Since he can talk to me so calmly, it already shows that his current anger has reached the limit, after all, if there is a cultivated person, then I think it must be very good for his expression and management, I still really can't make up my mind about the current performance, if he is really angry, then I am naturally willing to accept his punishment, anyway, it is because of me, and then he became like this, although it may be a little difficult for him to do so, After all, people like him should be reluctant to bully the weak. 877 Good Books Network

"Although I am really angry about your actions, but anyway, this matter is indeed understood, and I also understand your hard work, your meaning must be really a hurdle for you to get over, if this matter really makes you feel very guilty, then I can also tell you that I really don't care about such a thing, not that I don't care about your feelings but I don't care about this matter at all."

It seemed that he understood, and I smiled inexplicably with the puzzlement in my eyes, and gave a very detailed explanation of this matter, which then doubled my favor.

"When I came to break through here before, I always felt that it was good to crush it with strength, and I didn't need to use my brain for such a thing, but when I faced you, I found that if I changed my way, then I would get a different excitement, this opportunity was given to me, how could I really be angry, although it may be a little difficult, but how can there be real pressure for me, after all, I am also a big man who has broken through so many worlds, How could it be possible to fall into this low-level world? Then you're underestimating me. ”

Although I also understand that he is indeed comforting me, but this matter does make me feel a lot more comfortable, anyway, it is indeed a good thing to have someone who is willing to comfort me like this, but tomorrow's beacon fire show princes don't know how it will be staged? I don't know why.,I'm looking forward to something like this inexplicably.,Although it's really sad to say this.,But it's a good thing to have someone willing to accompany me like this.。

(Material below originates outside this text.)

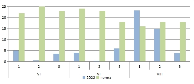 au constituit în fond 10-30 mm (10-50% din normă), izolat – 40-60 mm
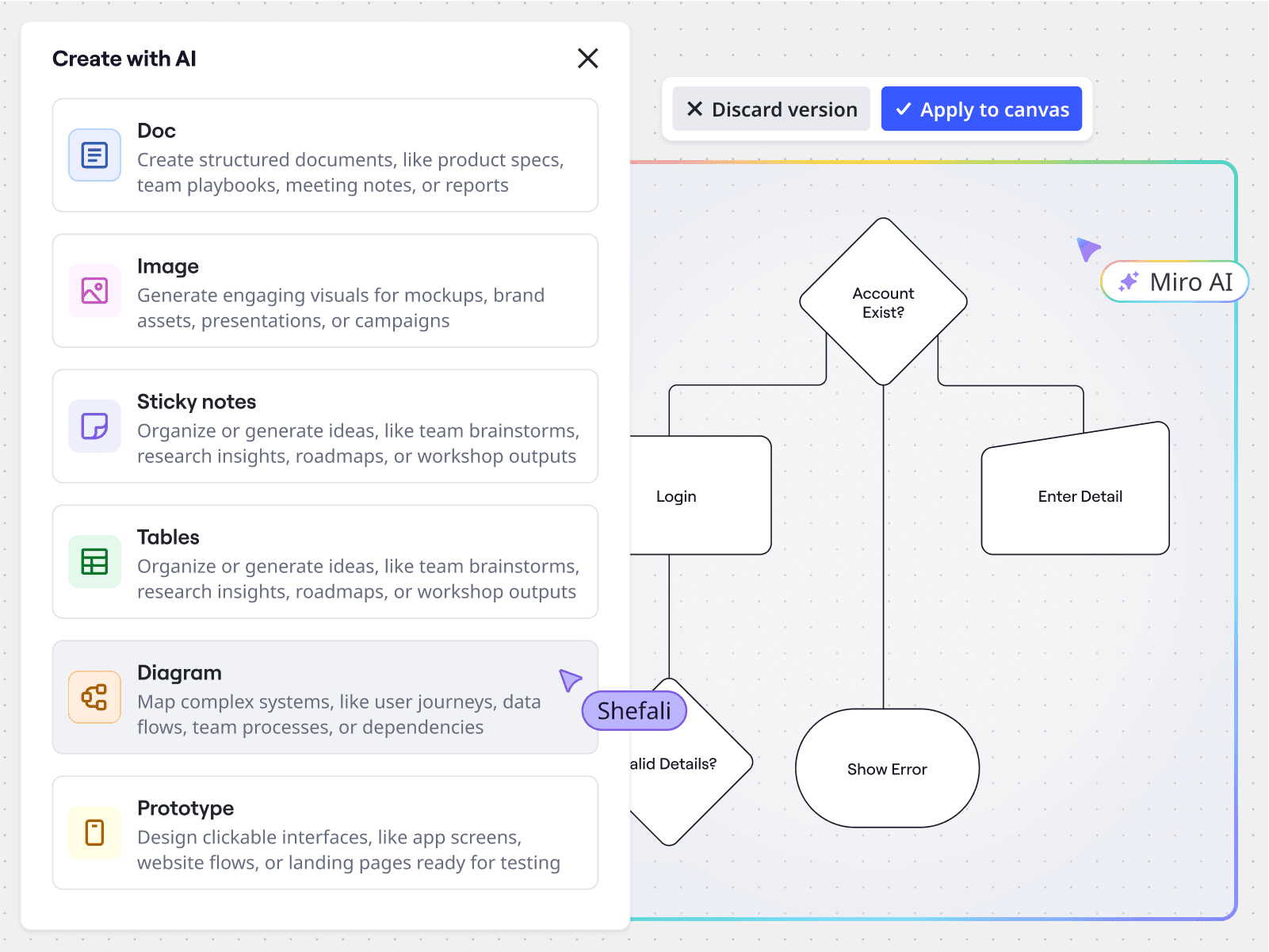 Transform your ideas into polished outputs in minutes. With Miro Al, generate documents, tables, diagrams, prototypes, and images by building off your ideas and adjusting until they meet your needs.

"Anyway, tomorrow we will have to meet the princes of the Beacon Fire Opera, and I don't know how charming my new queen is, and then let them write it like this, although I really don't get angry in my heart, but this kind of smear does make us angry. Do I seem to like beauty that much? ”

I shook my head, this guy naturally doesn't like beauties, although my skin should be pretty good, but I think he's just a friend of me, and I never think he should like me, because for such a thing, I don't think he should like me anymore, and I don't have the qualifications to let him like it.

"In fact, in my opinion, this history is more like a history of forcing the palace, although they say it is good, but this matter seems to me to be more like a forced palace, anyway, if you want to abdicate like this, then it should not be a good thing to think about it, they also hope to be able to inherit your throne in a good way, so how to let you loose is also a problem, they should have been prepared for this matter for a long time, so how can they actually leave such a stroke, I'd rather say that you're a good question than that they're forcing the palace.,It's a pity that they can't find a reason so they can only say that about me.,Speaking of which, I'm also quite wronged.,After all, my beauty really didn't make you like it.。 ”

"Maybe I'll like it in the future, I've been thinking about this kind of thing for a long, long time, since you are also a great beauty, then maybe when it's time to part with life and death, I really like you, not necessarily."

I smiled inexplicably, I never commented on such things, because liking and love are two different things, although he can say that he likes me, but he doesn't necessarily have to say that liking must be love, for such a thing, how can I take it seriously? The only way to do that is not to speak.